MetaPred2CS Web server

General Information

MetaPred2CS is a meta-predictor specifically designed to predict interactions in prokaryotic two-component system, i.e the pairing between histidine kinases and response regulators. MetaPred2CS is based on Support Vector Machine (SVM) that combines six individual sequence based protein-protein interaction prediction methods: two co-evolutionary based methods (in-silico two hybrid (i2H) and mirror tree (MT) methods) and four genomic context methods (phylogenetic profiling (PP), gene fusion (GF), gene neighbourhood (GN) and gene operon methods (GO)).

All methods implemented in MetaPred2CS require a BLAST search to identify homologous proteins to the query proteins. In the case of i2H and MT methods, the search is perfomed against UniProtKB downloaded from UniProt. In the case of genomics context based methods, sequences search are performed against our local reference genome database that included 243 genomes (see Table 1). The genomes and genome annotation were downloaded from NCBI database and operon architecture and transcription units from here.

Lastly, Metapred2CS has been trained in single-domain Histidine kinase and Response regulator proteins, in the case of hybrid two-component system proteins, users need to decompose the protein sequence in separate domains and submit them separately.

Table 1.

Training & Test - The P+ and P- datasets

The P+ and P- datasets contain 113 interacting and 1134 non-interacting experimentally validated TCS pairs respectively, and were compiled and manually curated from the current literature. These datasets and different sub-classes of these sets were used to train and test the MetaPred2CS using a k-fold cross validation strategy.

Prediction Parameters

i2H and MT methods

At the second section of submission form users have the option of tune the default values of the six different parameters used by i2H and MT methods (Figure 1).

Figure 1. Parameter i2H and Mirror tree methods.

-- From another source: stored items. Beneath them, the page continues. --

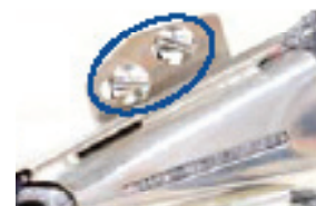
FINE TUNING SCREWS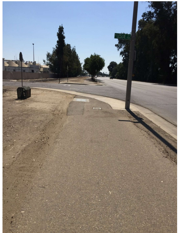
Picture 20 Not ADA compliant, Lack of Safety Signage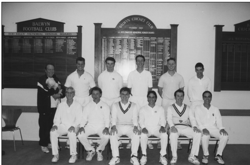
Below: 1996-97 4 th XI Premiership Side (ESCA – G Grade)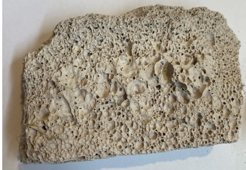
Figure 2: A fragment of RAAC showing its 'bubbly' appearance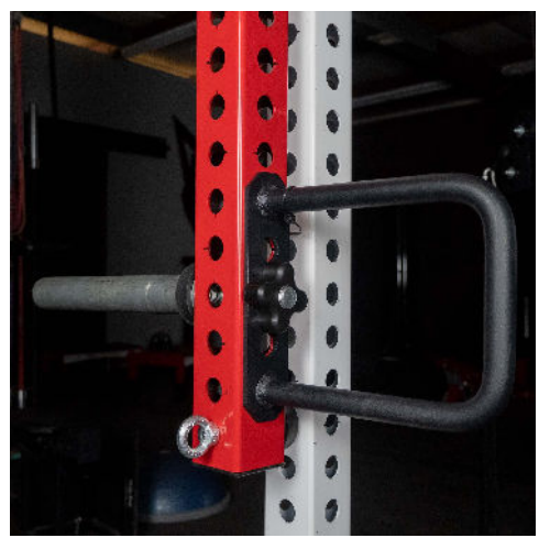
Independent Handle and Weight Peg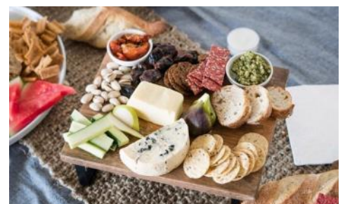
Tamar Valley Wine Trail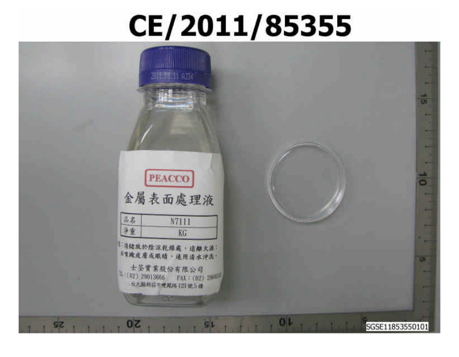
** 報告結尾 (End of Report) **

5F, NO. 123, SHUANGFONG ROAD., XINZHUANG DIST., NEW TAIPEI CITY 24261, TAIWAN, R. O. C.

i2H and MT methods requires multiple sequence alignments that are created automatically from user's query proteins using BLAST and clustalw. For BLAST search, users can adjust the e-value and b_value. The rest of the parameters will be used as default such as the as scoring matrix, which is BLOSUM_62. The Min Matches and Max Matches parameters stand for the minimum and maximum number of common species in both multiple sequence alignments between both query proteins. These parameters are used to filter the number of sequence and reduce the number of them. If the minimum number of common species is not reached, the job will be terminated. In this case, users need to re-submit using lower cut-off value for the Min Matches paremeter and/or a higher b_value for the BLAST search. The final set of parameters is the correlation function and the substitution matrix. The available options for the scoring function are: corr and rankorr and the substitution matrice: Maxhom_GCG.metric and Maxhom_McLachlan.metric.

Genomic context methods

At third section of submission form users has de option of tune the default parameters in the genome methods (Figure 2).

Figure 2. Paramers Genomic context methods.

In the case of Phylogenetic profiles users can change the E-value cut-off of the BLASTP search used to detect homologue proteins across the reference. This parameter is very important as discussed in this work. The second parameter accounts for mutual information to infer functional linkages between proteins. Likewise, in the case of Gene Fusion methods, users can also change the E-value cut-off on BLASTP . Moreover, users can tune the Bits cut-off on the local alignments performed using ssearch36 for query proteins which using Smith-Waterman algorithm to identify fusion events. Finally, in the case Gene Neighbourhood & Gene Operon methods, the two tunable parameters are the E-value cut-off on the BLASTP search and the cut-off genomic distance. The latter is important to define neighbouring genes and have been extensive discussed in the following works: Salgado H. et al., 2000; Strong M. et al., 2003; Ermolaeva MD. et al, 2001; Moreno-HG. et al., 2002; Ross O. et al., 1999 being 200bp (default) the generally accepted cut-off value.